--- The task ---
Give back exactly the line containing "- Dual Functionality: One" and all that follow it in the data below, with the pictures left out.

[Records excerpted from a collection]
- Opening Delimiter -

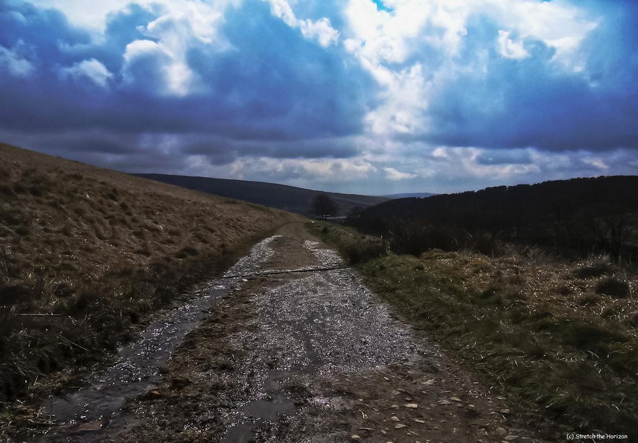 A downpour’s excess water glistens and glints as it snakes away into the surrounding moorland, intent on escaping the overhead glare.
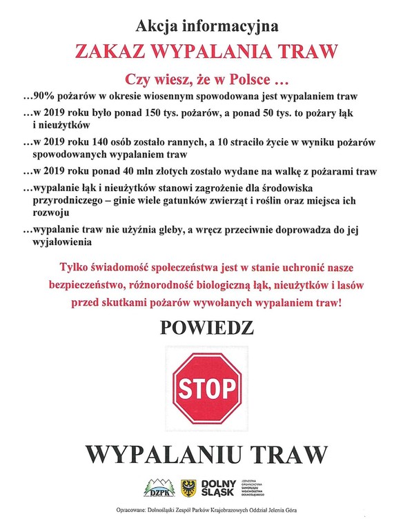 W trosce o ochronę przyrody Dolnośląski Zespół Parków Krajobrazowych od wielu lat wczesną wiosną organizuje na terenie województwa dolnośląskiego akcję informacyjną pt. „Zakaz wypalania traw”. Informujemy, przypominamy i apelujemy, że wypalanie traw, łąk i nieużytków rolnych, a szczególnie na terenach chronionych, jest nielegalne, szkodliwe dla środowiska przyrodniczego oraz stanowi zagrożenie dla mienia i życia ludzkiego.
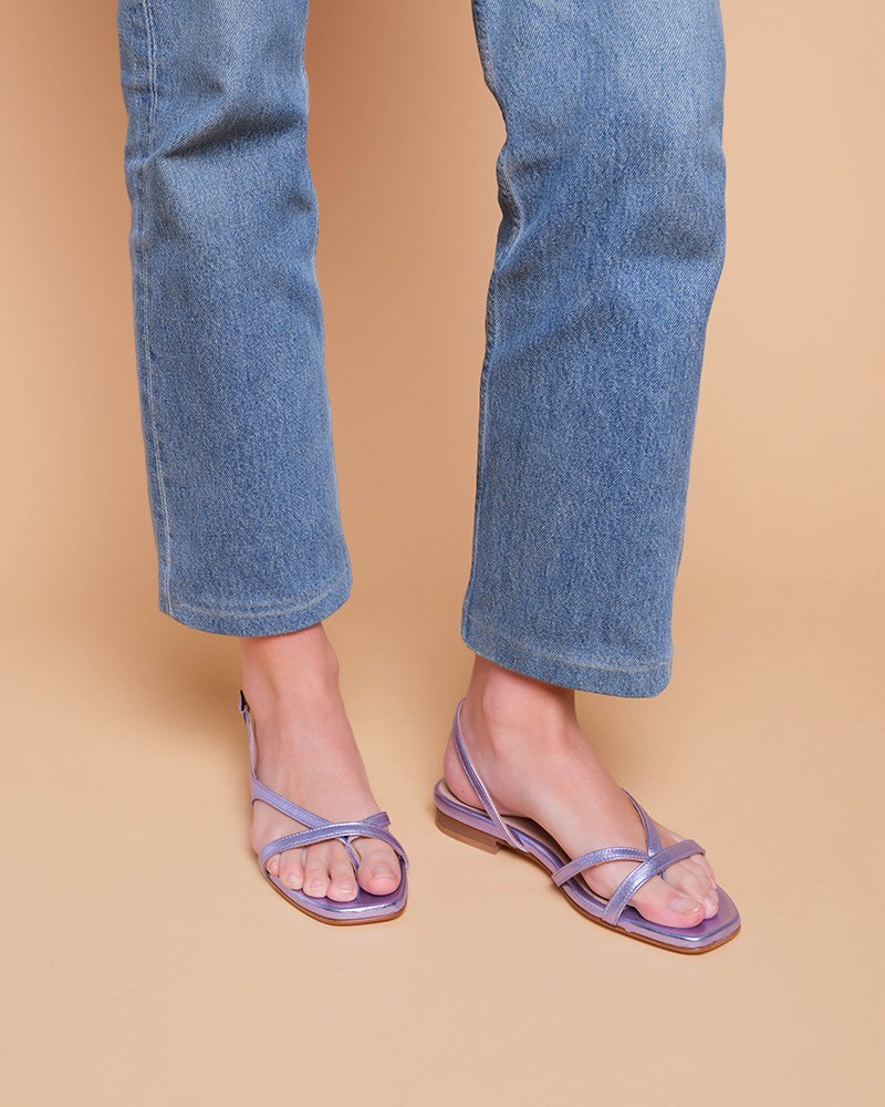 Sandalo infradito in pelle laminata
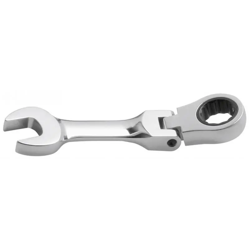- Dual Functionality: One side features a 15° angled open-end wrench, while the other side has a ratchet ring spanner.
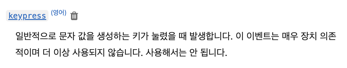 우선 저는 임시 방편으로 keypress로 해결했는데 mdn을 보니 이런 무시무시한 문구가 있더라구요 ㅎ.. 나중에 발견
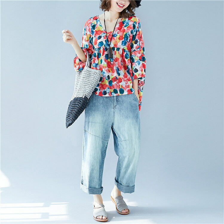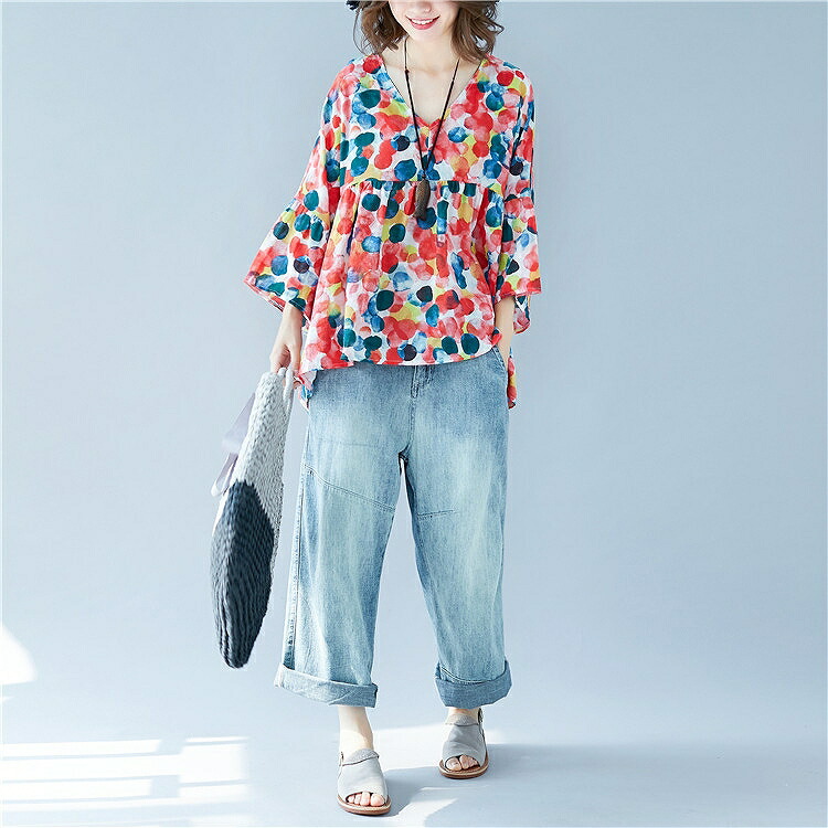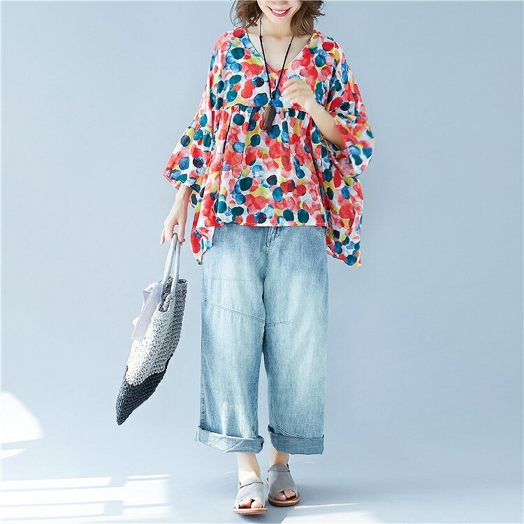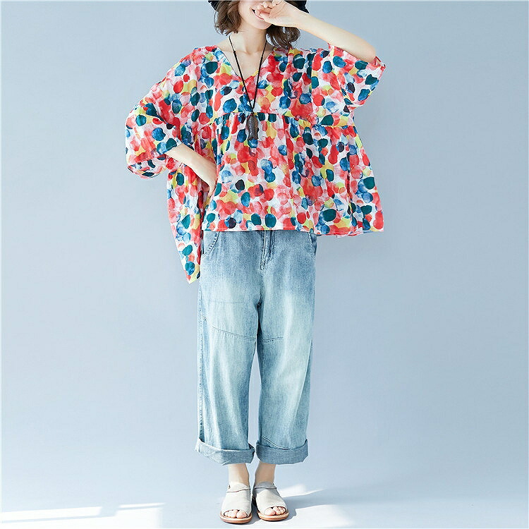 着るだけでハッピー気分になれる華やかなカラーリング♪ゆったりラフに着こなすデイリーコーデレディースファッション トップス シャツ ブラウス

- Closing Delimiter -

--- Task solution ---
- Dual Functionality: One side features a 15° angled open-end wrench, while the other side has a ratchet ring spanner.
 우선 저는 임시 방편으로 keypress로 해결했는데 mdn을 보니 이런 무시무시한 문구가 있더라구요 ㅎ.. 나중에 발견
 着るだけでハッピー気分になれる華やかなカラーリング♪ゆったりラフに着こなすデイリーコーデレディースファッション トップス シャツ ブラウス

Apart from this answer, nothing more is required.